During the mid-00s, a lot of bloggers (including myself) wrote about "super-empowered individuals," aka people who had been empowered by technology and globalization to have a vastly disproportionate long-term effect on national or global systems. The term, actually, was ironically coined by Thomas Friedman--a figure who many international relations and national security bloggers (including myself) sometimes mock. The September 11 attacks are seen as the keystone superempowered individual event, because they radically shifted the course of American foreign policy and defense for a decade. To get a feel for how radically things were changed, one need only look at the events of 2001 that preceded it, most notably a Cold War-style scrapup with China over a downed surveillance plane.
The more I've thought about it, though, it seems more accurate that absent the rare 9/11-style event, the only way for super-empowered individuals to really have a strategic as opposed to momentary tactical or operational effect, is to create a cumulative effect on top of a series of existing conditions. One of the biggest myths is that the Afghanistan is the "graveyard of empires," and that stems largely from the Soviet experience in the 1980s. But a bunch of insurgents with small arms and Stingers didn't topple Ivan.
The conditions for the fall of Moscow were present for a very long time. Fabius Maximus once noted that Robert Heinlein had visited mid-century Soviet Russia and saw long-term weakness. If the Afghan War had an effect, it was most certainly cumulative in that it helped aggravate an existing dysfunctional system.

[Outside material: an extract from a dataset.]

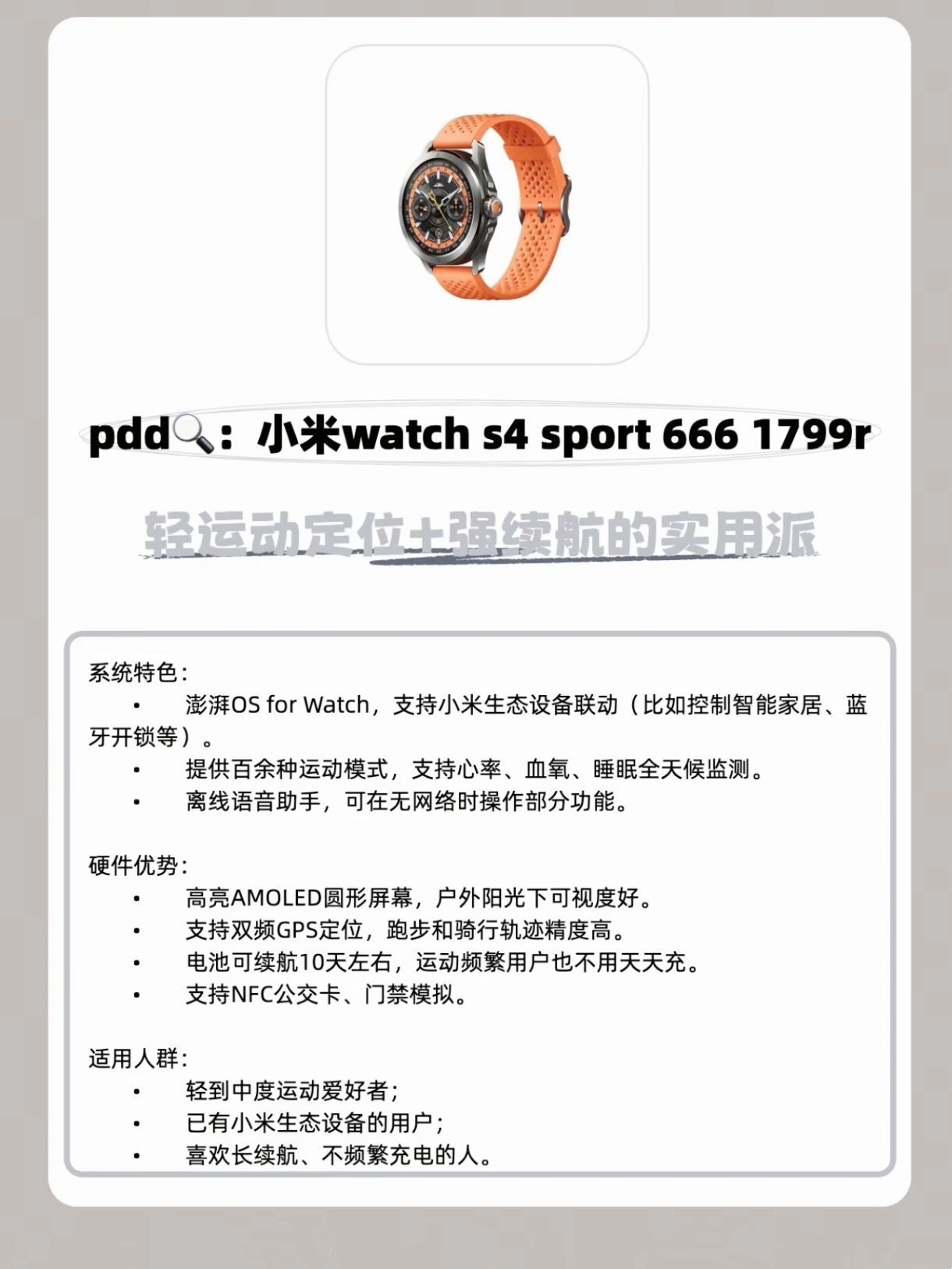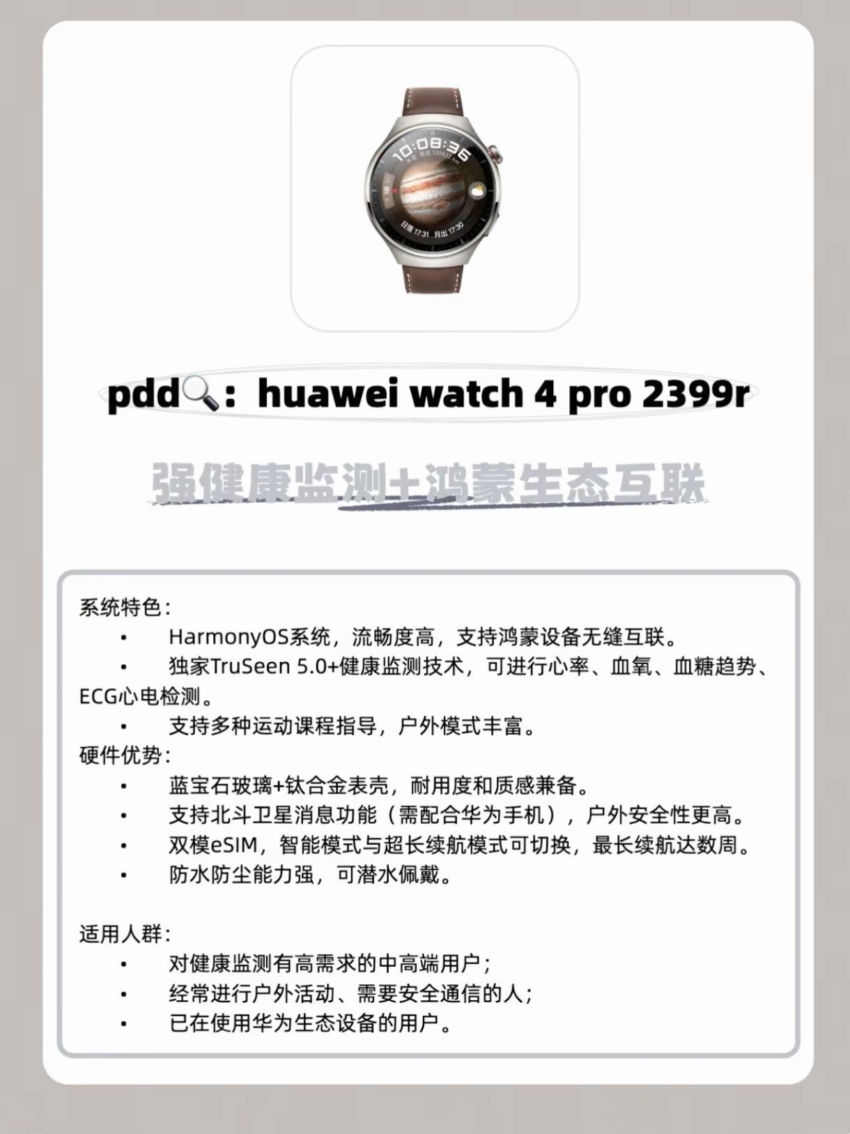本篇笔记关联了HUAWEI/华为 WATCH 4 Pro 智能手表 一键微体检 心电分析 呼吸健康研究 长续航 独立通话 高血糖风险评估 心率 防水 火星钛 钛金属表带、HUAWEI/华为 WATCH 4 Pro 智能手表 一键微体检 心电分析 呼吸健康研究 长续航 独立通话 高血糖风险评估 心率 防水 木星棕 真皮表带 、MI/小米 Watch S4 Sport 智能手表 心率血氧监测 氟橡胶 独立通信 长续航 表带款 液态硅胶表带等商品,为用户提供真实的使用体验和购买参考。

The problem with this is is that determining the "point of inflection" is tremendously difficult. Revolutionaries of various stripes have tried to determine this since the mid-1800s, with varying pseudoscientific methodologies. Few of them predicted that it would be backward, agrarian Russia, not the industrialized West, that would be the first nation to fall to Communism.
And it is likely that any super-empowered individual's cumulative effect on events today will be visible only in extreme hindsight.